MATERIALS AND METHODS
Tumor Specimens, Cell Lines, and Chromosomal CGH.
The normal testis and TGCT biopsies studied were ascertained by the Department of Pathology and the Laboratory of Cancer Genetics at the Memorial Sloan-Kettering Cancer Center. They comprised 24 seminomas and 37 nonseminomas. All of the 12 TGCT cell lines used in these studies (CL-268A, CL-154A, CL-169A, CL-169A, CL-318C, CL218A, CL-354B, CL-577M-Lu, CL-577M-F, CL-2102E-P, CL-2102ER, Tera1, and Tera-2) were of nonseminoma derivation and were either publicly available (CL-577M-Lu, CL-577M-F, CL-2102E-P, CL-2102ER, Tera1, and Tera-2) or were derived at the Laboratory of Cancer Genetics, Memorial Sloan-Kettering Cancer Center from biopsy samples. The OCCL cell line was provided by Dr. Samuel C. Mok. This cell line was developed from a 71-year-old patient with stage III grade 2 ovarian papillary serous adenocarcinoma. Chromosomal CGH was performed as described previously (21).
RNA Preparation.
RNA was isolated from normal testis, tumor tissues, and cell lines using RNeasy mini or midi kits and following manufacturer-recommended protocols (Qiagen, Valencia, CA). Contaminating DNA was removed by digestion with RNase-free DNase (Life Technologies, Inc., Grand Island, NY) followed by cleaning using an RNeasy cleanup kit (Qiagen). To further rule out DNA contamination, 0.5 μg of cleaned RNA was subjected to RT-PCR using β-actin-specific primers. RNA was considered DNA-free only if no product appeared in an identical control reaction where the reverse transcriptase (Superscript II; Life Technologies, Inc., Grand Island, NY) has been omitted. RNA quality and quantity were determined by measuring the absorbance at 260 and 280 nm and by denaturing gel electrophoresis.
EST Arrays.
The EST arrays used were generated at the AECOM microarray facility (22). Per printing, 8254 T3/T7 PCR-amplified human Image clones (ESTs) were pin-printed on poly-l-lysine or amino-silane (CMT-GAPS; Corning, Corning, NY)-coated slides. A Toto-3 dye (Molecular Probe, Eugene, OR) staining of one slide per printing was performed routinely to monitor the quality of printing.
Array Preparation and Prehybridization.
Array slides were prepared for hybridization as described in the AECOM microarrray facility URL.5 For array CGH, the slides were prehybridized for 1–5 h with 20 μl of prehybridization solution consisting of 35% formamide, 4× saline-sodium phosphate-EDTA, 0.5% SDS, 2.5× Denhart, 0.2 mg/ml Salmon sperm DNA (Sigma, St. Louis, MO), and 1 μg/ml Cot-1 DNA (Life Technologies, Inc.). For expression array, the slides were prehybridized for 1 h with cDNA hybridization buffer (Genisphere, Hatfield, PA) plus 0.1% BSA before cDNA hybridization and for another hour with the dye hybridization buffer (Genisphere, Hatfield, PA) plus 0.1% BSA before tagged dye hybridization.

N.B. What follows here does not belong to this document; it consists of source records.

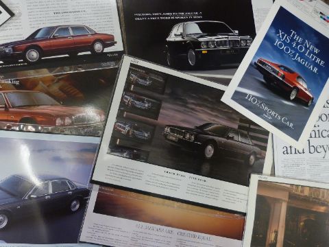 A collection of Jaguar advertising ephemera, including XJS, some proofs together with a Jaguar album based on the calendar prints
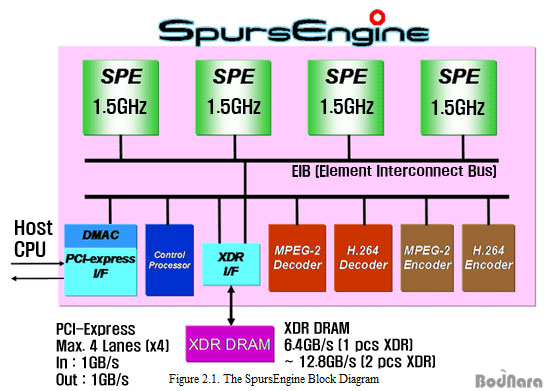 SpursEngine SE1000Àº µµ½Ã¹Ù°¡ CellÀÇ ¿ø·¡ ±¸¼ºÀÎ 8 SPE¿¡¼ 4°³ÀÇ SPE´Â ³²±â°í ³ª¸ÓÁö 4°³´Â Çϵå¿þ¾î ±â¹Ý MPEG-2/ H.264 ÀÎÄÚµù/ µðÄÚµùÀ» À§ÇÑ Çϵå¿þ¾î·Î ±³Ã¼ÇÏ¿© À̵é ó¸® °úÁ¤¿¡¼ ³ôÀº ¼º´ÉÀ» ºñ·ÔÇÏ¿© ¼ÒºñÀü·ÂÀ» ³·Ãâ ¼ö ÀÖµµ·Ï ±¸¼ºµÇ°í ÀÖ´Ù. ¿©±â¿¡ FlexIO ºÎºÐÀ» Á¦°ÅÇÑ ´ë½Å PCI-Express ºê¸´Áö¸¦ Ãß°¡ÇÏ¿© µ¥½ºÅ©Å¾ ȯ°æ µî¿¡ º¸´Ù ½±°Ô Àû¿ëÇÒ ¼ö ÀÖµµ·Ï ¸¸µé¾ú´Ù. (FlexIO´Â ÄÚµå¸í Redwood·Î Rambus°¡ °³¹ßÇÑ ±â¼ú·Î º´·Ä ÀÎÅÍÆäÀ̽ºÀÌ¸é¼ PCI-Expressº¸´Ù ³ôÀº 6.4GbpsÀÇ Àü¼Û·üÀ» Á¦°øÇÑ´Ù. FlexIOÀÇ ÆøÀº 96bits (12bytes)·Î ÃÖ´ë ´ë¿ªÆøÀº 76.8GB/s, PCI-Express 2.0 X16 LaneÀÌ ´Ü¹æÇâ 8GB/s·Î ¾ç¹æÇâ 16GB/sÀÇ ´ë¿ªÆøÀ» Á¦°øÇÑ´Ù.)
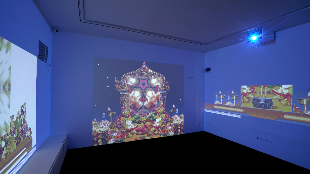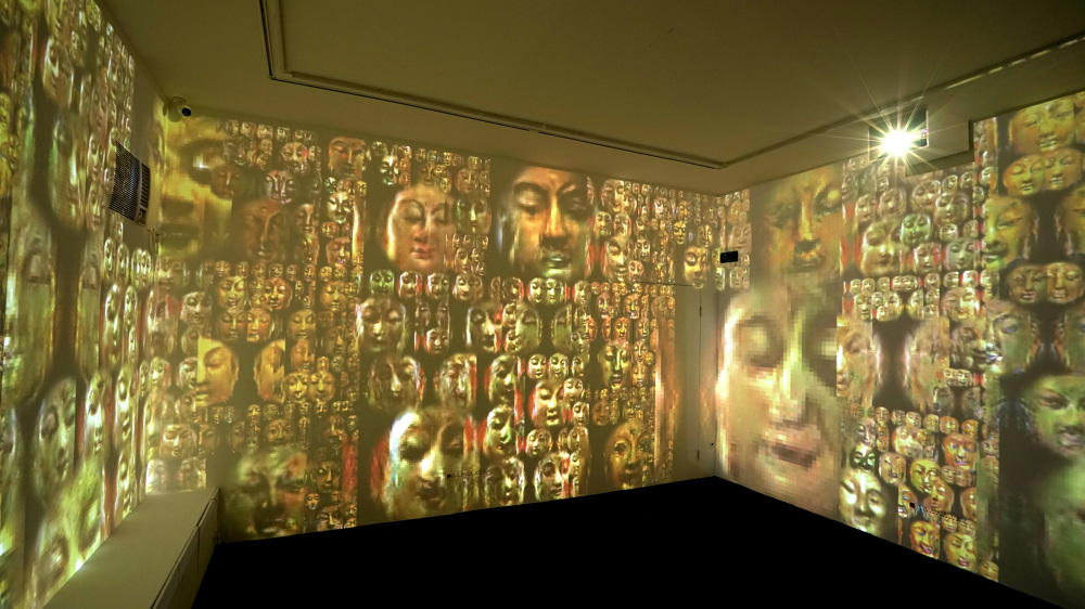 展览把这些生成的佛像横向在空间展开,试图创造一个真实与虚拟难以区分的万佛神殿。在空间里徘徊,似乎能感受到几千年的宗教视觉积淀,又有一种梦境般不真实的眩晕感。我会不由得迷恋其中。

gDNA Labeling and Array Hybridization.
A total of 5–10 μg of test and reference gDNAs was digested with DpnII or AvaI restriction enzymes for 1 h, purified using a PCR clean-up kit (Promega, Madison, WI), and extracted in 50 μl of water. Digested DNAs were concentrated, if necessary, by ultrafiltration (Microcon YM-30, Amicon; Millipore, Bedford, MA). Equal amounts of test and reference DNAs (1.8–2.2 μg) were labeled in 50 μl with 20-μg random nonamers (Genelink), 50-unit 3′-5′exo minus Klenow fragment (New England Biolabs, Beverly, MA), dATP, dGTP, dCTP (120 μm each), and dTTP (60 μm). Cy3-dUTP or Cy5-dUTP (60 μm; Amersham, Piscataway, NJ) were added to the test and reference reactions, respectively. The reaction mixtures were pooled, purified, and concentrated by ultrafiltration (Microcon YM-30, Amicon; Millipore) and adjusted to contain 35% formamide, 0.5% SDS, 2.5× Denhart, and 0.25× saline-sodium phosphate-EDTA in a final volume of 19 μl. To this, 1 μl of block solution (10) was added. The probe was then denatured for 2 min at 100°C, annealed with Cot-1 DNA for 15 min at 50°C, and hybridized to the array for 12–15 h at 50°C. The slides were washed for 5 min at 55°C in 1× SSC, 0.1% SDS, followed by three washes at room temperature: 10 min in 0.2× SSC, 0.1% SDS; 20 min in 0.2× SSC; and twice 20 min in 0.1× SSC. The slides were then centrifuged for 5 min at 900 × g before scanning.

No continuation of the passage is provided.